WHAT TO DO: Beginning at the top of the entries below, retype each line exactly until the line containing "表示されたフォーム一覧画面よ" has been written out; include no pictures and no later lines.

TASK INPUT:
+ + + + +

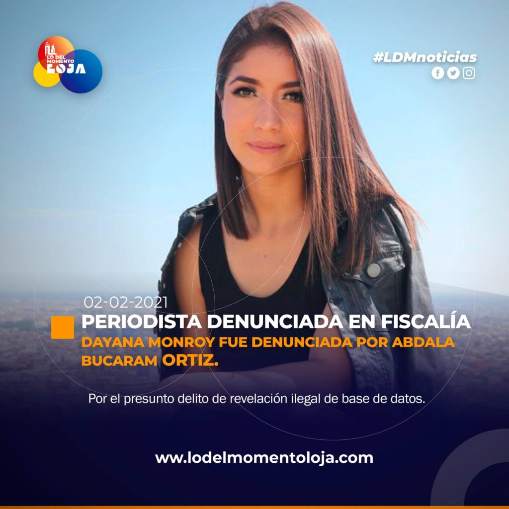 La periodista de Teleamazonas, Dayanna Monroy reveló que ha sido denunciada en la Fiscalía General del Estado, por Abdala Bucaram Ortiz, por el presunto delito de revelación ilegal de base de datos. El Fiscal a cargo del caso Javier Pucha Paguay, ha solicitado al SRI, Superintendencia de Bancos, Superintendencia de Compañías, Registraduría de la Propiedad y la UAFE que se levanten informes sobre su patrimonio.
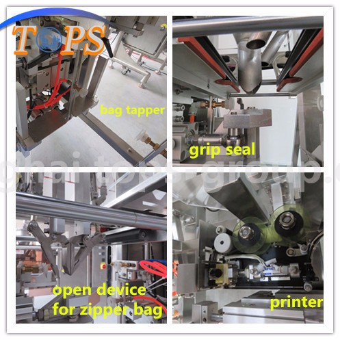 Packaging function is available on demand , and in capable of being integrated with Zipper Device/ Ribbon date printer/ Hopper Shaker/ Product Settler/bag taper.
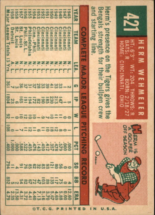 1959 Topps #421 Herman Wehmeier - NM
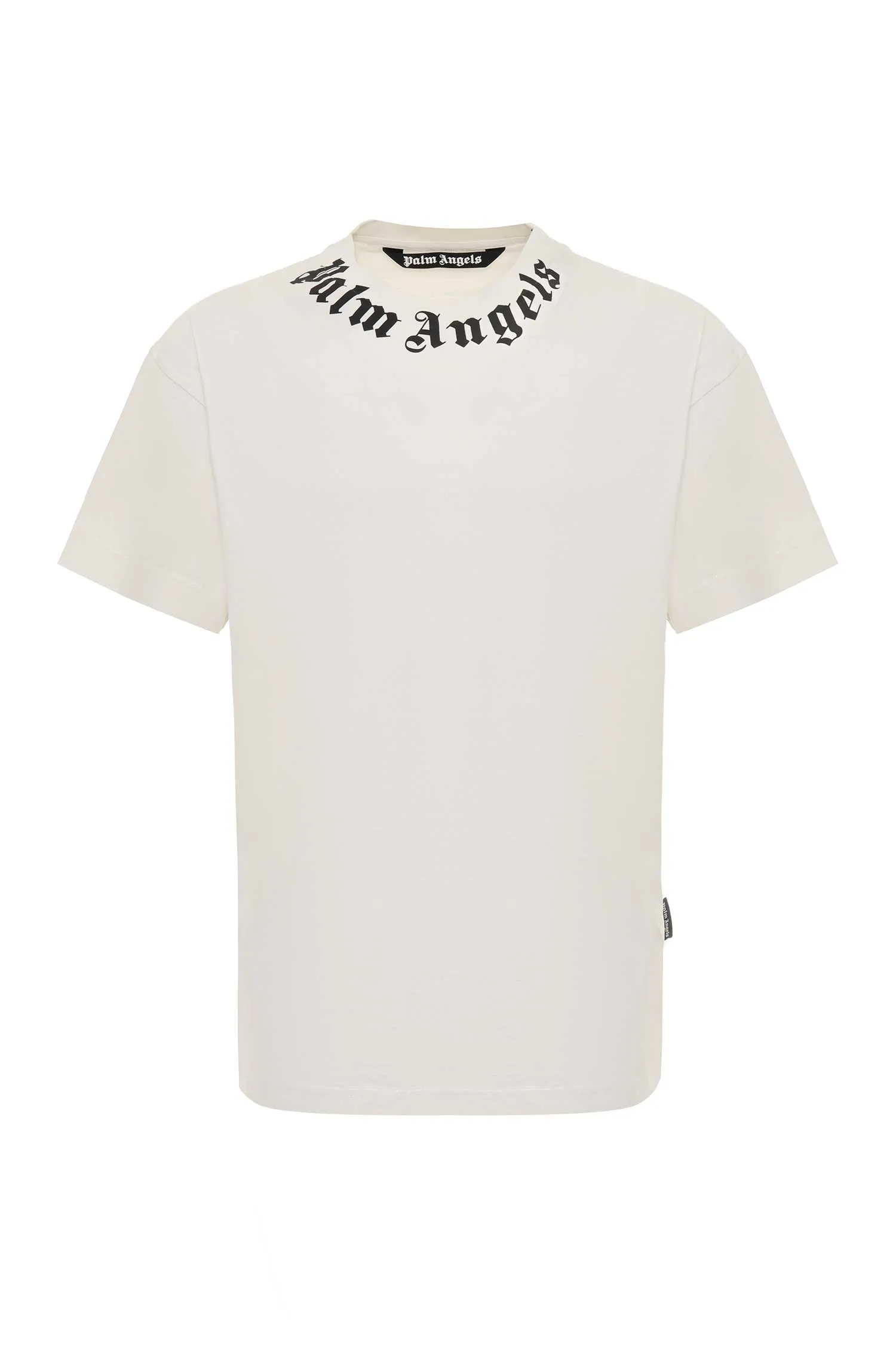 PALM ANGELS ФУТБОЛКА БЕЛАЯ, НА ВОРОТЕ КРУПНАЯ ЧЁРНАЯ ЛОГО-НАДПИСЬ
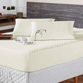 Conteúdo da embalagem - 01 protetor de colchão king: 2,03 m x 1,93 m x 40 cm - 02 porta travesseiros: 70 cm x 50 cm - 01 saia box nas medidas: 2,03 x 1,93 x 0,30cm
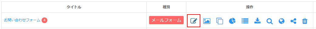 表示されたフォーム一覧画面より、今回設定を行いたい目的のフォームの「編集」アイコンをクリックしましょう。
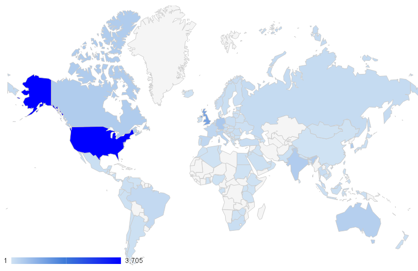 A large fraction (> 65%) of referrals comes from search engines. Within those, it’s mostly Google (>90% summed across many countries) with just a small amount of others like Bing. It’s safe to say that without Google search my Blog would have practically no views. Chances are that your first exposure to this Blog came from a Google search as well. One unexpected insight for me was to see a high ratio of image to text searches, typically 3:1 or 4:1. In some ways it shouldn’t be surprising that a blog on data visualizations gets discovered more often by searching for visual elements than for text. It also jibes with the enormous growth of image related sites such as Instagram or Pinterest. I just would not have expected the ratio to be that high.
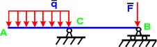Егер F = 8 H, q = 4 H/м, AC = 4 м, СВ = 6 м болса, онда B нүктесіндегі тіректіанықта:

+ + + + +

ANSWER SECTION:
 La periodista de Teleamazonas, Dayanna Monroy reveló que ha sido denunciada en la Fiscalía General del Estado, por Abdala Bucaram Ortiz, por el presunto delito de revelación ilegal de base de datos. El Fiscal a cargo del caso Javier Pucha Paguay, ha solicitado al SRI, Superintendencia de Bancos, Superintendencia de Compañías, Registraduría de la Propiedad y la UAFE que se levanten informes sobre su patrimonio.
 Packaging function is available on demand , and in capable of being integrated with Zipper Device/ Ribbon date printer/ Hopper Shaker/ Product Settler/bag taper.
 1959 Topps #421 Herman Wehmeier - NM
 PALM ANGELS ФУТБОЛКА БЕЛАЯ, НА ВОРОТЕ КРУПНАЯ ЧЁРНАЯ ЛОГО-НАДПИСЬ
 Conteúdo da embalagem - 01 protetor de colchão king: 2,03 m x 1,93 m x 40 cm - 02 porta travesseiros: 70 cm x 50 cm - 01 saia box nas medidas: 2,03 x 1,93 x 0,30cm
 表示されたフォーム一覧画面より、今回設定を行いたい目的のフォームの「編集」アイコンをクリックしましょう。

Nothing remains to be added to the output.